But anyway, I do agree that assessments of quality are very relevant here. One reason departments pay assistant professors more than, say, $35k, is that if they paid that much they would have no chance of getting the best candidates. (I think by saying that 'perceived merit' isn't the issue, mysjkin meant that administrators aren't making judgments about the intrinsic worth of what we do, rather than that SCs do not discriminate by quality among candidates.)

Finally, as 6:35 AM points out, anyone who thinks that the market has no bearing on philosophers' salaries just isn't paying attention.

Anonymous said...

Assistant Professor of German: $ 48,000

Assistant Professor of Art History (2 positions hired) $41,500 / $ 43, 500

Assistant Professor of French: $40, 500


Anon. 6:35: Can you indulge me and my spleen by telling me -- if you know -- whether the two higher salaries noted above were for men and the two lower ones for women? I don't want that to be true, but I just have a sinking feeling... I hope I'm just being paranoid.

Anonymous said...

6:35 -- those are great numbers, but what's the supply and demand for each of those fields?

Anonymous said...

Don't know why I feel compelled to do this, but just to clarify what I said earlier:

It's easy to think that the quality and merit of any given candidate is factored into supply and demand. One can also factor in transaction costs, coordination costs, and other such things. Indeed, this is how most people teach and think about S&D. Personally, I think this is slippery talk, because once one goes down this road, it's easy to get confused about what's really driving someone's price.

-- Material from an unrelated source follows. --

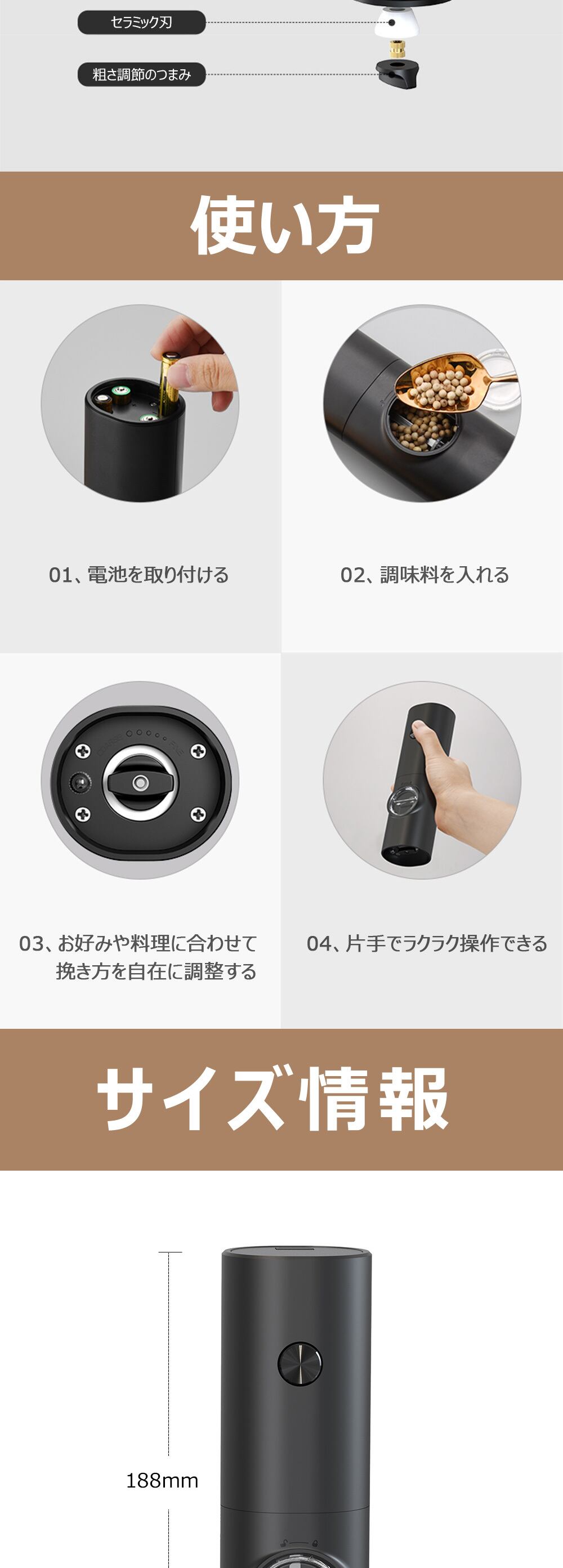 kymq-1416【片手でボタンを押すだけ 挽ける】電動ミル スパイスミル 電動 ペッパーミル ソルトミル 電池式 セラミック 粗さ調整 片手 ミル ソルト ペッパーミル

In the case of the salaries listed above, it is _clearly_ supply and demand that is driving the neurosurgeon's ridiculous income. There are not enough neurosurgeons and there is too much demand. It's unlikely that that one guy is so much more deserving on quality or merit than any of the other professors. So there, I think it's safe to say that there are market pressures pushing his salary through the stratosphere.

By contrast, the salaries of the humanities professors are comparatively low; but they're not rock-bottom low. By all accounts, in a market with so few jobs and lots of qualified applicants, those salaries could be even lower than they are. I bet almost all of us would accept a few thousand dollars less and still stay in philosophy. Something, in other words, is keeping those salaries elevated that is _not_ supply and demand.

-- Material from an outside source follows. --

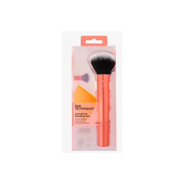 O conjunto Everything Blending Duo da Real Techniques inclui duas ferramentas multiusos para uma aplicação de maquilhagem impecável. O conjunto inclui o pincel facial 245 Everything Facial Brush e a esponja Miracle Complexion Sponge. O pincel para o rosto tem uma cabeça grande para esbater facilmente bases líquidas, em creme e em pó, garantindo um brilho natural - pode ser usado para maquilhagem, pó, blush, bronzer e muito mais! A esponja de maquilhagem oferece um aspeto natural e radiante com uma cobertura ligeira a média. Possui uma técnica de aplicação única de 3 pontos para uma aplicação perfeita.

Presumably, this something has to do with the merit and quality of each individual faculty member. So, Prof J at Supershit school gets paid X because the school wants to keep him, and Prof R gets paid just a bit less. That may seem like Supply and Demand, and to a certain extent it is, but the primary drivers of price in the two cases are different. (Of course, it's also true that salaries between neurosurgeons will vary as well, mostly because of merit and quality.)

Supply and demand is deceptive. Often the phrase gets thrown around as though _it alone_ can explain prices. But within markets, quality and merit do make an appearance; and they make an appearance that is poorly characterized, to my mind, by reductionistic talk of supply and demand.

Anonymous said...

Anonymous 6:35

You're _Anonymous_, so if this information is public and true, why don't you reference it for us?

I won't speak to the other numbers, but $185K is quite high for a non-middle-or-high-management computer science professional, let alone a freshly minted one. If that wasn't a very special circumstance, it implies that supply and demand _isn't_ much of a factor.

Anonymous said...

This is the most depressing thread I've ever read on this blog, and that's saying a lot for the PJMB.

Anonymous said...

Asstro,

So, Prof J at Supershit school gets paid X because the school wants to keep him, and Prof R gets paid just a bit less.

Sweet.

Anonymous said...

Hey Prof. J:

On the oil and water thing. If I'm choosing between philosophy jobs in a free market with oversupply, I'll take whatever salary will keep me satisfied until the point at which I can't stand it anymore and desire to move on to something else. That's my willingness to pay. In a world in which there are a lot of people like me, the lower bound of the price for people like me will be determined by whatever that that willingness to pay is.

Water, by contrast, is a necessary good in abundant, albeit limited, supply. My willingness to pay for clean water is huge and virtually inelastic, just as you suggest. The limiting condition in this case is the supply of clean water. Currently, water is abundant enough that price is fine. But if supply suddenly dried up, my willingness to pay for water would start working its magic on price. There's some point at which I'd stop buying clean water (I suppose), which is about as soon as I can find some sort of substitute that would replace it. Maybe I'd switch to toilet water, though I perish the thought. It is willingness to pay, again, that will determine the price.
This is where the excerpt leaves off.